Comment 9 Shekhar 2008-09-18 22:45:28 UTC
Also, it works fine in WORKGROUP mode. It happens only in case of joining ADS. This is again strange. I just wanted to know effective behaviour of winbindd when joined ADS with 40K + users. Why does Winbindd blocks samba? Can't we change samba to address this issue? We can't change anything in client PC as they are standard. Please let me know how winbindd, samba and windows XP interaction would happen in case of joining ADS with huge number of user objects. My client is pressing me hard on this issue
Jerry, could you help me out here?
Comment 10 Shekhar 2008-09-19 00:06:18 UTC
Jerry,

Has anybody backported the patch that Jeremy submitted to maintenance releases aka 3.0.32 etc?

Thanks
Sagar
Comment 11 Shekhar 2008-09-19 07:01:17 UTC
Jerry,

Observed further on the system. I found that till the idmap_cache.tdb file is getting updated I am not able to make any access to the samba system through windows client. And unfortunately the time required to populate idmap file completely is variable. Sometimes it takes 10 minutes and sometimes 13 minutes. How can we reduce this turnaround time?

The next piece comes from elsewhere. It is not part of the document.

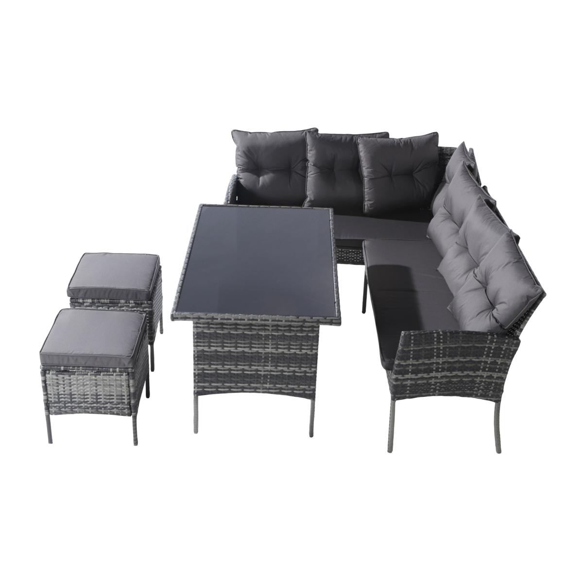 Durable Steel Structure:The steel structure gives the dining table sofa stool excellent load-bearing capacity and stability and can withstand the pressure caused by daily use for a long time, ensuring the long lasting durability of the furniture. Anti-UV PE Rattan: Using anti-UV rattan as the material can effectively resist the erosion of ultraviolet rays from the sun, extend the service life of the furniture, while maintaining the bright colours and beautiful appearance. Tempered Glass Tabletop: The dining table uses tempered glass as the tabletop material, which has excellent wear resistance and high temperature resistance, is easy to clean, not easy to scratch, and can maintain the smoothness of the tabletop. Removable and Washable Cushions: The sofa stool is equipped with removable and washable cushions, which is convenient for users to clean and maintain, keeping the seat clean and hygienic, and increasing the comfort and convenience of using the furniture. Rolled Cushion Cover Design:The rolled edge cushion cover design makes the seat more comfortable and fits the curves of the human body, providing a better sitting experience, while increasing the beauty and sophistication of the overall furniture.

Comment 12 Gerald (Jerry) Carter 2008-09-19 07:20:48 UTC
(In reply to comment #10)
> Jerry,
> 
> Has anybody backported the patch that Jeremy submitted to maintenance releases
> aka 3.0.32 etc?

The patch is too intrusive IMO to be backported.  I simplya allows enumeration (which 
is always a bad idea anyways) to be done across multiple domains in parallel thus reducing
the time but not removing the nature of the problem where the parent winbindd process 
is too busy to respond to other requests.
Comment 13 Shekhar 2008-09-21 23:09:42 UTC
When I did further experiments, I observed quite a few interesting points and some anomalies as listed below:

1. Till idmap_cache.tdb is populated, we are not able to connect to system or share. But after complete population, we can. Interestingly after this, I delete the idmap_cache.tdb but even then I am able to connect to system. This I confirmed quite a few times. note that idmap file was not present here. Then I rebooted the system and observed that idmap file was getting regenerated. And this time it grew upto 7.3 MB only and not 14.5MB Till it became 7 MB, I was not able to access. But after that I was able to access the system. Then I rebooted the system again. I was not able to access system till it became 7 MB. 

In both cases I winbindd was eating 94% of CPU.  

2. What all files will be updated by winbindd in large ADS mode during run time? 

3. Which files will impact on samba's request to get delayed? I know, gencache.tdb, registry.tdb used to get synced every time but the syncing time depends on network and inherently the client connection service will depend on that.

4. when I unjoin ( go back to workgroup mode ) and join back then the idmap_cache.tdb file size becomes 14.5 MB and again I am not able to access either system or share till it is completely populated.  I don't understand this behaviour of idmap_cache.tdb file.

Any idea on this?
Comment 14 Shekhar 2008-09-21 23:50:55 UTC
So just a thought, if the caching by winbindd is made incremental, I think authentication of the system can be allowed. Has anybody faced similar issue before? Or can we do configuration in the system to make it incremental so that the requests won't be blocked?